De ‘ijzervreter’ laat zich er echter niet onder krijgen, drinkt veel hete citroen thee en geeft zich voor meer dan 100%. Dat verdient respect, zeer zeker als je het drukke tourschema van deze 72 jarige legende bekijkt. Bij iedere volgende song lijkt zijn stem beter te worden en het is verbazingwekkend hoeveel energie en vitaliteit hij uit straalt.

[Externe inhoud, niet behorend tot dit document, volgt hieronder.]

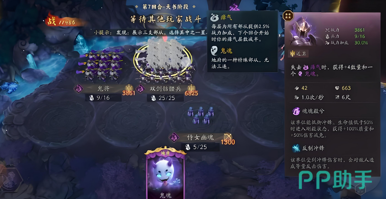 在具体的运营过程中,前期使用阴兵来进行过渡,它的效果是每回合结束都能产生瘴气。还能够触发鬼将技能为战士部从增加数量,中期需要补奈何桥守卫,五岳卫兵等。奈何桥守卫能够提升战士数量,五岳卫兵可以配合小鬼叠加效果。小鬼是很核心的特殊部从,既可以充当战士参与战斗,也是后面召唤阎罗的关键,出售出去之后还能赚取经济。前期要主动找到击杀机会,依靠阴兵等不同的效果快速叠加瘴气,这样能建立起属性压制的优势。中期可以实现部从等级和装备成型,瘴气叠加效率大幅度提升,此时战力到达巅峰,要主动推进扩大战果。

Het is moeilijk om een hoogtepunt te noemen, want de 1,5 uur durende, van het begin tot einde boeiende show is in feite een aaneenschakeling van hoogtepunten. Toch zijn er een paar nummers die er uitspringen.
Heel mooi is bijvoorbeeld “Spill The Wine” (opvallend dat dit op de setlist staat, want dit was uit zijn WAR periode). Hierbij is een glansrol weggelegd voor Teresa James, zelf een fameuze bluesrock zangeres (8 cd’s, type Bonnie Rait), maar deze tour op keyboard en dwarsfluit. In een scène die veel weg heeft van “Paradise By The Dashboardlight”, geeft zij Eric goed partij met haar dwarsfluit en ook heel mooi daarbij is het mimespel dat Eric hierbij gebruikt als hij haar denkbeeldig een glas wijn in schenkt.
Op “We Gotta Get Out Of This Place”, waar in een stukje “River Is Rising” is verwerkt, ontstaat een schitterend gitaar duel tussen Billy Watts en Eric McFadden. De gitaren worden daarbij letterlijk en figuurlijk gekruist. De ‘ruzie’ tussen deze 2 geweldige gitaristen wordt uiteindelijk gesust met een fantastische orgel solo van Red Young.
Als de rust is wedergekeerd verlaat de band het podium en blijven alleen Eric en Billy Watts over om zich aan de blues over te geven. ”Crawling Kingsnake” gaat over op “Baby Please Don’t Go” waarbij Wally Ingram zich ook bij het duo voegt. Een heerlijke uitvoering van blues zoals blues bedoeld is.
Hierna volgen “Before You Accuse Me” en “ It’s My Live”. De heerlijke diepe bas intro alleen al vraagt erom om op te springen en te dansen, want het is eigenlijk een vreemde gewaarwording dat je de hele avond lekker comfortabel uitgezakt in het rode pluche zit mee te zingen.
Dat meezingen gebeurt vrijwel bij iedere song, maar vooral bij “The House Of The Rising Sun”, hun allergrootste hit, waarvan iedereen de tekst kent en waarmee de officiële set wordt afgesloten.
Met een minuten lange staande ovatie worden ze terug geroepen en volgt als enige toegift “River Deep, Mountain High”.
Dit fantastische concert van 1,5 uur was natuurlijk veel te kort maar ik had er vrede mee. Het geen geboden werd oversteeg ruimschoots mijn verwachtingen en zoals dat wel eens vaker gebeurd bij goede concerten heb ik het hele concert in mijn dromen nog eens herbeleefd
Mocht iemand zich nog afvragen waarom deze levende legende in 1994 werd opgenomen in de Rock and Hall of Fame, dan heeft hij/zij hier vanavond antwoord op gekregen.